The study underwent expedited review and was approved by the Institutional Review Board for Human Subjects Research of MCHS. The study qualified for expedited review because it involved only secondary review of existing clinical data without direct human subject involvement.

3. Results

3.1. Validation of NLP tool and classification rules.

Table 3 lists the performance metrics of the NLP pipeline for each of the defined rules compared with outcomes of manual review for both validation datasets 1 and 2. For all cases, each rule examining significance of association with the gold standard within each dataset examined by Fisher’s exact test was significant at level 0.05, indicating that the NLP rule calls have a significantly better-than- random pneumonia call rate.

Table 3:

NLP tool metrics displaying statistic (95% CI) and p-values from Fisher’s exact test for each dataset and rule.

Validation Datasets (N=Total # of radiology reports)	Rules of classification
Dataset1 (N=90)	Rule of Hierarchy % (95% CI) (p=0.026)	Rule of Majority % (95% CI (p=0.001)	Rule of Majority (‘I’^*) % (95% CI (p=0.002)
Accuracy	59.7% (48.4%, 71.1%)	76.3% (66.6%, 86.2%)	73.6% (63.4%, 83.8%)
Sensitivity	88.0% (64.6%, 100%)	88.0% (64.6%, 100%)	88.0% (64.6%, 100%)
Specificity	56.2% (44.1%, 68.4%)	75.0% (64.4%, 85.6%)	71.9% (60.9%, 82.9%)
False negative rate	12.0% (0.00%, 35.4%)	12.0% (0%, 35.4%)	12.0% (0%, 35.4%)
False positive rate	43.80% (31.6%, 55.9%)	25.0% (14.4%, 35.6%)	28.1% (17.1%, 39.1%)
Dataset2 (N=43)	Rule of Hierarchy (p=0.002)	Rule of Majority (p<0.001)	Rule of Majority (‘I’) (p<0.001)
Accuracy	67.5% (52.5%, 82.7%)	83.0% (71.9%, 95.7%)	81.0% (68.5%, 93.7%)
Sensitivity	100% (100%, 100%)	90.0% (71.4%, 1%)	90.0% (71.4%, 1%)
Specificity	55.5% (36.8%, 74.3%)	81.4% (66.8%, 96.1%)	77.8% (62.1%, 93.5%)
False negative rate	0% (0%, 0%)	10.0% (0%, 28.6%)	10.0% (0%, 28.6%)
False positive rate	44.5% (25.7%, 63.2%)	18.6% (3.9%, 33.2%)	22.2% (6.5%, 37.9%)

Open in a new tab

I: Positive or Negative qualifiers in the radiographic report limited only to those found in the “Impression” section.

^**

Total number of radiology reports designated as “not classified: requires manual review” are 18% (24 /133).

Accuracy of the NLP pipeline applying ‘rule of majority’ was 76.3% and 83% for dataset 1 and dataset 2, respectively (Table 3), when compared with classification by the independent reviewers.

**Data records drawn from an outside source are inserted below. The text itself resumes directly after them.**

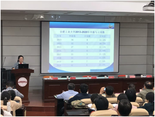 在嘉宾报告环节,安徽省哲学社会科学规划办公室强惠玲主任系统梳理了各类项目的历史数据趋势以及省内各高校的横向对比,并从项目基本情况、申报和结项注意事项等三个方面做了详细的报告,包括活页填写、经费列支、免鉴条件等经常遇到的问题,为现场老师们做出了详尽的解释和解答。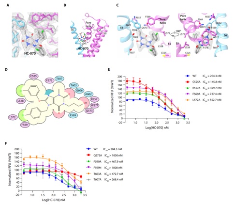 HC-070结合在跨膜区的孔道结构域,结合位点由一个亚基的跨膜螺旋S5、孔道螺旋和相邻亚基的跨膜螺旋S6组成(图3)。HC-070与TRPC5上的众多氨基酸有相互作用:F576的侧链与HC-070的甲基黄嘌呤形成π-π堆积作用;R557,Q573,W577与HC-070的羟丙基形成极性相互作用;F599, A602和T603同时也参与稳定羟丙基;F569和L572与HC-070的氯苯环形成疏水相互作用(图3)。功能实验结果显示,HC-070对以下这些突变体:R557A, F569A, L572A, Q573A, F599A,F599N,T603A的抑制效力减弱,其中,对Q573A的抑制效力减弱得最明显(图3),说明Q573A与HC-070羟丙基形成的氢键对于HC-070结合并抑制TRPC5具有至关重要的作用。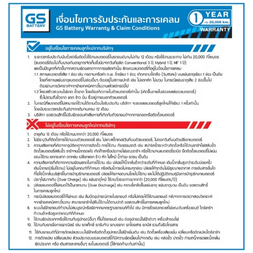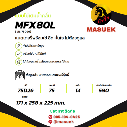 ประเภทแบตเตอรี่ : MF (Maintenance Free) แบตกึ่งแห้ง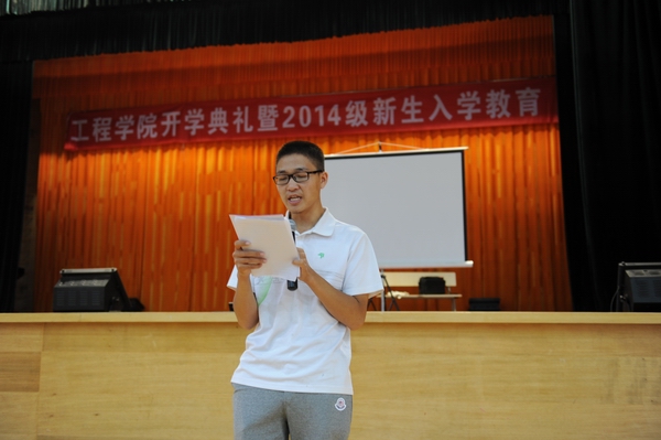 2014級工程造價三班的江思宏同學代表全體新生發言。他表示新校園新起點,在未來三年的時光里,將以先賢為坐標,牢記領導、老師和父母的殷切希望,盡快適應新的大學生活,樹立遠大的目標,努力提高自己的綜合素質,熟練掌握專業知識。

Collectively, among radiology reports in dataset 1 and dataset 2, 18% (24/133) were designated as ‘not classified: requires manual review’. The sensitivity and specificity of the NLP tool applying rule of majority were 88% and 75% respectively, for dataset 1. Performance of the NLP tool applying ‘rule of majority’ to dataset 2 showed sensitivity and specificity of 90% and 81.4%, respectively.

3.2. NLP classification outcome

A total of 65,904 patients with a putative pneumonia diagnosis classified into 91,998 pneumonia episodes were identified retrospectively applying the inclusion /exclusion criteria within the temporal window including diagnoses occurring within the date range spanning 1/1 2007 to 12/30/2019. As summarized in Figure 2, among 91,998 episodes that were associated with a total of 225,893 chest x-ray reports, 89% (81,707/91,998) parsed through the NLP pipeline were supported by at least one chest X-ray report. The total number of episodes (n=81,7070) that met eligibility criteria comprised 60% (49,008/81,707) of episodes derived from cohort 1 and 40% of episodes (32,699/81,707) derived from cohort 2. In cohort 1, 39% (18,902/49,008) of the episodes were classified as ‘pneumonia positive’, 16% (7,898/49,008) as ‘pneumonia negative’, and 45% (22,208/49,008) were classified as: ‘classification pending-requires manual review’. In cohort 2, 25% (8,195/32,699) of the episodes were classified as ‘pneumonia positive’, 23% (7,503/32,699) as ‘pneumonia negative’ and 52% (17,001/32,699) were classified as: ‘not classifiable/pending further manual review’.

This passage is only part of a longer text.